This lab provides a test environment for the codes generated using the Generative AI classroom.

Follow the instructions below to set up this environment for further use.


# Setup


### Install required libraries

In case of a requirement of installing certain python libraries for use in your task, you may do so as shown below.
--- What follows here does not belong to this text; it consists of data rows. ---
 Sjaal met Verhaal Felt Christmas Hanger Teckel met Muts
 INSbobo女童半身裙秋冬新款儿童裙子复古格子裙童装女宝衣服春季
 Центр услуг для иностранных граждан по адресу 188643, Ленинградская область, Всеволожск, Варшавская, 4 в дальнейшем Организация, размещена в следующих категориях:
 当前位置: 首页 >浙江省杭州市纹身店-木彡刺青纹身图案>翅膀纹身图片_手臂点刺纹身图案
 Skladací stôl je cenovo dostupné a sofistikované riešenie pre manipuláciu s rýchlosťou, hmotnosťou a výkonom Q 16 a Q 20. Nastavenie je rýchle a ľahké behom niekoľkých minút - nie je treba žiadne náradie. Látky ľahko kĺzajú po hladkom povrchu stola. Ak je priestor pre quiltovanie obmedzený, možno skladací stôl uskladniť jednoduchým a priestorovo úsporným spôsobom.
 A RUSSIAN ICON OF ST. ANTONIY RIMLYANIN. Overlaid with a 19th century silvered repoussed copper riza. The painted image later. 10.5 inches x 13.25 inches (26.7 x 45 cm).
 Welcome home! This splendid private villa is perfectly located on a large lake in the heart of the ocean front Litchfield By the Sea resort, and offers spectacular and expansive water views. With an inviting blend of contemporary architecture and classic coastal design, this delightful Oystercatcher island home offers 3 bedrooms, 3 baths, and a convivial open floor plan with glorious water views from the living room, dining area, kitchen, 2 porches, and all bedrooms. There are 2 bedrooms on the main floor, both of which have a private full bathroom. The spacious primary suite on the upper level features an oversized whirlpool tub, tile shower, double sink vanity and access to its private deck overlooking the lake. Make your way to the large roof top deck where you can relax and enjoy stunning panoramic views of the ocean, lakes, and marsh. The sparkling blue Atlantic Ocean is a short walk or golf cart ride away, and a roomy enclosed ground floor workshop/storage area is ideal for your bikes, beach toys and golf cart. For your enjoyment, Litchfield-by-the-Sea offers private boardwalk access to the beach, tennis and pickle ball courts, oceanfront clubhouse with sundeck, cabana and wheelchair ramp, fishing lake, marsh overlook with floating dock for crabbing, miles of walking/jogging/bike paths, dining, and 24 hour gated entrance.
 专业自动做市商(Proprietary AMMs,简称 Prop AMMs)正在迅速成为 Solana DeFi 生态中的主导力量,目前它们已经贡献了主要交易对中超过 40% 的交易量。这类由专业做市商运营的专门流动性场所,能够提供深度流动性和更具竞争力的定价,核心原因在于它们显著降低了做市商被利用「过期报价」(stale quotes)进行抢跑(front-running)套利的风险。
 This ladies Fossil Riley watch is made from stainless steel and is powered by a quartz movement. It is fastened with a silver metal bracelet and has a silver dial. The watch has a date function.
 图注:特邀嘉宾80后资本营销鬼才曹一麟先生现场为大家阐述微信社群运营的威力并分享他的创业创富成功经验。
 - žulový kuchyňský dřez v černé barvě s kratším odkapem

#### **Note: When I set up this notebook for this SQL gen AI exploration I have to use `python 3 (ipykernel)` it does not work with pyodide kernel/environment.**

In [1]:
!pip install ipython-sql
!pip install ipython-sql prettytable



In [2]:
%load_ext sql

In [3]:
import csv, sqlite3
import prettytable
prettytable.DEFAULT = 'DEFAULT'
#establish connection:
con = sqlite3.connect("my_data2.db")
cur = con.cursor()

In [4]:
!pip install -q pandas

In [5]:
import pandas as pd

In [6]:
%sql sqlite:///my_data2.db

### Dataset URL from the GenAI lab
Use the URL provided in the GenAI lab in the cell below. 


In [7]:
url = 'https://archive.ics.uci.edu/ml/machine-learning-databases/heart-disease/processed.cleveland.data'
column_names = [
    'age', 'sex', 'cp', 'trestbps', 'chol', 'fbs', 'restecg', 'thalach', 'exang', 
    'oldpeak', 'slope', 'ca', 'thal', 'num'
]
#use the url above to read the data as pandas csv
df = pd.read_csv(url, names=column_names)

In [8]:
#conver this to sql so you can use the sql queries:
df.to_sql("cleveland_data", con, if_exists='replace', index=False,method="multi")

303

#### Practicing with Gen AI:
In this script, we are practicing how generative AI prompts work such that it can generate code for SQL queries according to your needs.
In this example, we try to work with the dataset (about heart disease using the url above). We try to use Gen AI by giving it prompts to write SQL commands according to our needs using SQL cell magic commands.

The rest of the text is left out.